How Tig Notaro made cancer her comedy muse

When life beat Tig Notaro down, she responded with a joke

0
Photo by Ruthie Wyatt

It’s been more than a year since Tig Notaro’s now-famous set at the Largo in Los Angeles. Just days before the performance, Notaro received word that she had cancer in both breasts, and she was still processing the news. The cancer diagnosis wasn’t the only blow to hit her life. Her mother had suddenly and tragically died, and on top of that, her relationship had just ended.

 

As all this swirled through her head, her normal set — quirky jokes, such as what a bee thinks about when it’s in a car going down the highway — just didn’t seem doable to her. So she chucked it, went on stage and bared it all.

“I wasn’t really sure what my future was going to be,” Notaro tells Boulder Weekly. “I didn’t know about my health. I love doing stand-up, and if my health was going to be deteriorating or if I was dying, I wanted to do it one last time before I went into treatment and recovery.”

The reaction to the show was explosively positive.

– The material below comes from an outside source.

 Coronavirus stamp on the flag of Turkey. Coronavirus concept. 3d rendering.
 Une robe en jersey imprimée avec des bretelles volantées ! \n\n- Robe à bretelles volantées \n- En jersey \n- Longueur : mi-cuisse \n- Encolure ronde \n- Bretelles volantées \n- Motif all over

Louis C.K. called it one of the greatest stand-up performances he had ever seen.

“The show was an amazing example of what comedy can be. A way to visit your worst fears and laugh at them. Tig took us to a scary place and made us laugh there. Not by distracting us from the terror but by looking right at it and just turning to us and saying, ‘Wow. Right?’ She proved that everything is funny. And has to be. And she could only do this by giving us her own death as an example,” he would later write on his blog.

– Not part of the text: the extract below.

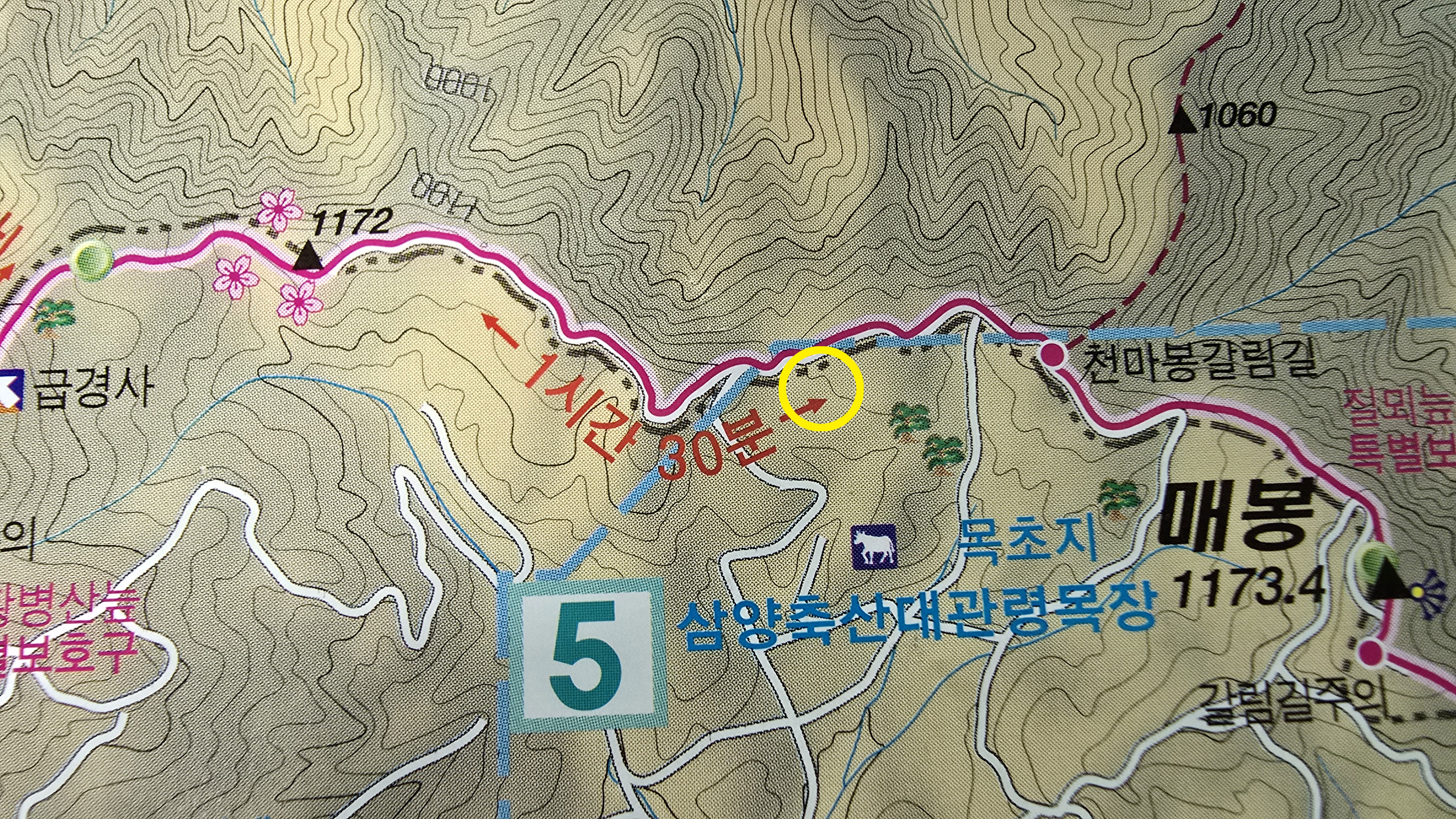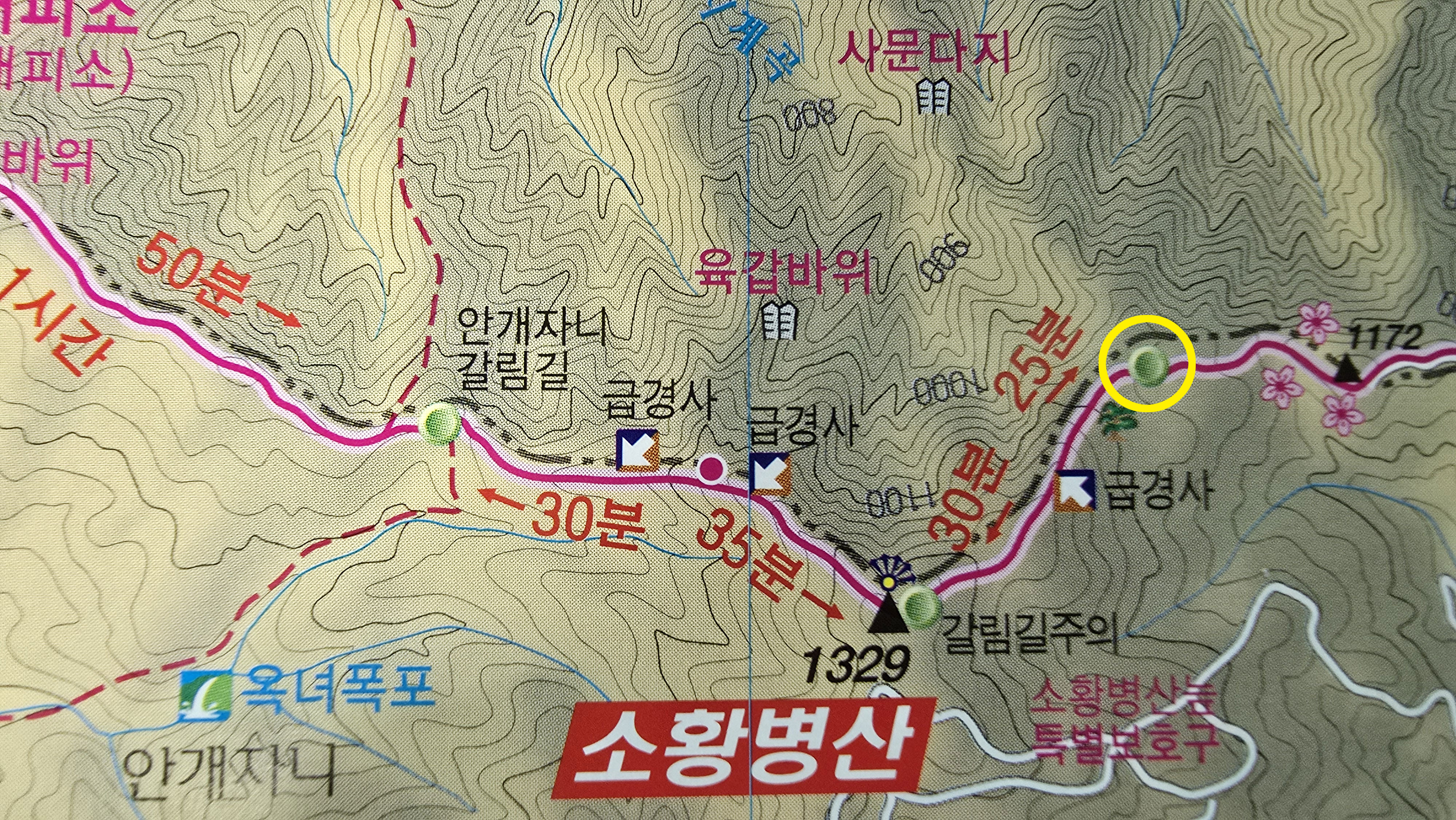매봉 전 안부 우측, 초원 방향 80m 지점: 계곡수 (갈수기에는 물이 고여 식수로는 부적합)

Since that set, her career has exploded. Suddenly, news outlets everywhere wanted to interview her, and offers for book deals came rolling in. She would eventually sell almost a hundred thousand copies of the set, and when she started doing stand-up tours again, she found herself playing bigger venues for more money. She’s developing several television shows and has a Showtime comedy special coming out soon. After a double mastectomy, the cancer is in remission. Putting her personal life on display for the world was a risk born out of exasperation, but so far, it seems to be nothing but positive.

The show itself started out in the normal way. You know how comedy shows start — the emcee hops on the stage, grabs a mic, says some kind words about the comedian, maybe cracks a joke or two, then says the comedian’s name, and the comedian enters the stage saying things like, “Thank you,” “You’re great,” or other such inconsequential greetings. After the applause dies down, the set begins.

But for Notaro, on that night, with everything that had just happened to her, normal wouldn’t cut it.

“Hello. Good evening, hello. I have cancer, how are you?” said Notaro as she started the set.

It was a confusing opening for the audience. Even a seasoned comedy fan probably hasn’t heard many jokes about cancer. Some in the audience laughed nervously, but as Notaro launched into her story, they eventually came around. Notaro was being brutally honest and revealing, and the audience was along for the ride.

“I was definitely scared or nervous and not quite sure how the audience would be, and they were absolutely amazing, and the show went so much better than I could have imagined,” Notaro says.

Notaro went on to take everything that had hit her in the past few months of her life and find a way to make it funny. Her appearance is somewhat androgynous, and in the set, she told a story about a guy who constantly called her “sir” as she walked home.

Normally, she has a sense of humor about that, she said during the Largo set, but that day, she couldn’t have it.

“After the news I had just gotten that I probably had cancer … I said, ‘I just got diagnosed with breast cancer in both breasts. That’s how much I’m not a man,’” she deadpanned.

She proceeded during the set to take many things cancer patients struggle with — how every conversation with friends changes, how she didn’t know how she would date, how her body had changed — and found ways to make them funny. It was a stunning display of light-heartedness in the face of soul-crushing adversity.

“I always think about how lucky I am that I have standup as an outlet, because I always wonder, what do other people do?

How do they handle life?

How do they get it out?” Notaro reflects. “I never had to deal with dark subjects to the degree that I did in that point in time. I just didn’t feel like it was an option to go on stage and my normal, typical material. It just seems like this is how it’s going to go, this is what I’m going to do. It just seemed like an obvious thing for me to do, to use comedy for that.”

She pauses when asked how her comedy has changed since the set.

“Oddly enough, not really at all. I feel like I’m pretty much the same comedian I’ve always been,” she says. “The Largo show was a moment in time. … I realized I was exactly who I was before that show.”